Carly broke down in tears as body footage was shown in court of deputies arriving to find her crying stepfather saying his wife was dead.
“She killed her mom!” Heath is heard telling authorities: “She tried to shoot me!”
When Carly Heath’s stepfather took the stand this week, he said the teenager had no memory of the shooting.
“I’ve never seen anyone like that, even in movies, she wasn’t herself and I don’t think she even recognized me,” Heath said.
He said he remembered Carly as a “sweet little girl,” but that day she “looked like she had seen a demon or something.”
Heath also remembered the horror of finding his wife dead.
“She was lying on her back with her hands over here and a towel covering her face,” he said. “I knew she had been shot, there was blood around, I’m not sure where, on the right side of her face.
“When I opened the door to the kitchen, the gun went off in my face before the door was three or four inches open,” he said. “The gun hit me in the face. He went off two more times, but I had my hand on the gun after the first shot, and I turned it away from Carly.”

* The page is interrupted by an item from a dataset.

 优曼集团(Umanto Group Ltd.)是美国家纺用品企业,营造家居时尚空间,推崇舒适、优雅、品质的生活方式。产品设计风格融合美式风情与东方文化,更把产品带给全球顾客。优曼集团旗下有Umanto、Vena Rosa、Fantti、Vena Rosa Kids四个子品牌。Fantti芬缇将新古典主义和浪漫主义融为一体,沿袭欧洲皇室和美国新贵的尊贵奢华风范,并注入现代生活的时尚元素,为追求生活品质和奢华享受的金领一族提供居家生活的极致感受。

Despite this, Heath said he and Carly still talk daily and their relationship is “good”.
In Friday’s closing, State’s Attorney Michael Smith said Carly “knew the difference between right and wrong.”

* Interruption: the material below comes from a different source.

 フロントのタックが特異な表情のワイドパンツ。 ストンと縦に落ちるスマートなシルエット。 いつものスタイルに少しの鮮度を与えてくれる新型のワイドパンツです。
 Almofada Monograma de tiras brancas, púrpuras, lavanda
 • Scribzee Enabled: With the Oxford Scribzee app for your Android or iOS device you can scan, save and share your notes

“There is no doubt that Carly Madison Gregg is the one who killed her mom, Ashley Smylie,” he told the court. “I have no doubt that she tried to kill Heath Smylie when she pointed the gun directly at his head and shot and hit him in the shoulder. And there is no doubt that she was the one who hid the camera, which tampered with evidence.”
“We would ask you to go back there and find her guilty of all three because she was not insane when this happened. She knew exactly what she was doing, and she knew the difference between right and wrong.”
However, the defense urged the jury to find her not guilty by reason of insanity.
“This was not a bad child. This was not a kid who was angry. This was not the child who hated her mother or stepfather in her heart, in fact, it was the exact opposite. This was a child with significant mental health issues,” defense attorney Bridget Todd told the court. “We know her family has the same mental health issues and we know they are hereditary.”
“This is a child who complied with the medication she was prescribed, but medication left them unable to predict the worsening of her symptoms,” she continued. “And although she suffered from psychosis in an episode of acute stress on March 19, she lost herself in a storm that was amazing.”
Experts testified Thursday and deemed Carly competent to stand trial and does not meet the state’s insanity standard. However, this contradicted testimony given Wednesday by a psychiatrist who said Carly did not remember shooting her mother.
What’s next for Carly?
Before the trial, the teen was offered a plea deal of 40 years in prison, but he turned it down. Instead, her team pursued an insanity defense. But it wasn’t enough.
Carly sobbed in court on Friday when the jury found her guilty on all three counts.
After more than an hour of deliberation, the jury sentenced the 15-year-old.
She will spend the rest of her life behind bars, without parole.